For a few years, Sofer engaged in business, but was ultimately appointed to preside as Dayan on the Beth Din of the Erlau Orthodox congregation. His father, Rabbi Shimon, requested that he be retested by three rabbis and ordained Semicha once again before joining the Beth Din; something Rabbi Moshe did with ease.

Sofer was offered many prestigious rabbinical positions, but turned them down in order to be with his father and to invest his time in publishing the Torah commentaries of his illustrious family.

Sofer edited and published the works of the Chassam Sofer, Ksav Sofer  and Sofer Mahir (authored by Rabbi Yitzchak Leib Sofer of Drohobych, son of the Ksav Sofer)  and authored many of his own works on the Torah, most of which were lost during the war.

As his father aged, Sofer became more active in communal matters and served as the active rav and dayan of Erlau alongside his father. He also supervised the cheder and yeshiva.

Children
Sofer and his wife had six children; Avraham Shmuel Binyamin, Yochanan, Chava Rivka, Leah, Gitel Tobia and Reizel.

Avraham Shmuel Binyamin was a Torah genius and studied at the Yeshiva of Rabbi Yosef Asher Pollack (1888 – 1944) (author of She'eris Yosef Asher), in Verpelét, Hungary.

He also studied at the Yeshiva of Rabbi Chaim Mordechai Roller (1868–1947) (author of Be'er Chaim Mordechai) in Piatra Neamţ, Romania, from whom he received Semicha.

Yochanan also studied at the Verpelét Yeshiva, and later became Rabbi of Erlau and Rosh Yeshiva of Yeshivas Chassam Sofer in Budapest and Eger. He re-founded the Yeshiva in Jerusalem, Israel and was the previous Rebbe of the Erlau Hasidic Dynasty.

Chava Rivka, Leah, Gitel Tobia and Reizel all were unmarried and were murdered in the Holocaust.

Death and legacy
In 1944, Sofer and his family were deported to Auschwitz by the Nazis (with the exception of his son Avraham Shmuel Binyamin) together with the Jews of Erlau.

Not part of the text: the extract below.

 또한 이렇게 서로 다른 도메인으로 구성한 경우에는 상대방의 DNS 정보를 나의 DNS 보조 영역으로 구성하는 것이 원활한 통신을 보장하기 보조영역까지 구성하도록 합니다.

On 12 June 1944 (21 Sivan 5704), Sofer, his wife, daughters and his father Rabbi Shimon were murdered by the Nazis.

He was survived by his sons, Avraham Shmuel Binyamin and Yochanan.

After World War II, Avraham Shmuel and Yochanan reunited in Budapest. There they re-established the Yeshivas Chassam Sofer together with Rabbi Moshe Stern (1914–1997) of Debrecen (author of Be'er Moshe).

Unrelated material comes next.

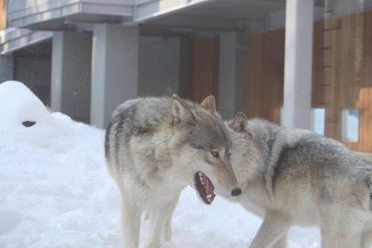 シンリンオオカミの「ジェイ」と「キナコ」はこれから発情・交尾と大事な時期を迎えます。

In 1947, the brothers moved to Eger (Erlau) and re-established the Kehilla and Yeshiva there. Though Avraham Shmuel was older than Yochanan, he preferred that Yochanan assume the rabbinical position, giving him and the Yeshiva full support, both personally and monetarily. Avraham Shmuel engaged in business, but spent much of his time in the Yeshiva studying with the students.

Avraham Shmuel died in 1948, unmarried, due to an illness. He was buried in the Jewish Cemetery in Eger, near the grave of his grandmother Malka Esther Sofer.

Yochanan, the sole survivor of Sofer's family, married Miram Pall (daughter of Yaakov Pall, descendant of the Chassam Sofer's sister). They had three children in Eger; Moshe (1947), Yaakov (1948) and Avraham Shmuel Binyomin Sofer (1949). After emigrating to Israel in 1950, they had four more children; Shimon (1951), Akiva Menachem (1953), Zalman (1954) and Aharon (1959).

Yochanan refounded the Yeshiva in Jerusalem, Israel, and over the years established a network of synagogues in Israel and the USA naming them “Kehillot Yad Sofer” after his father.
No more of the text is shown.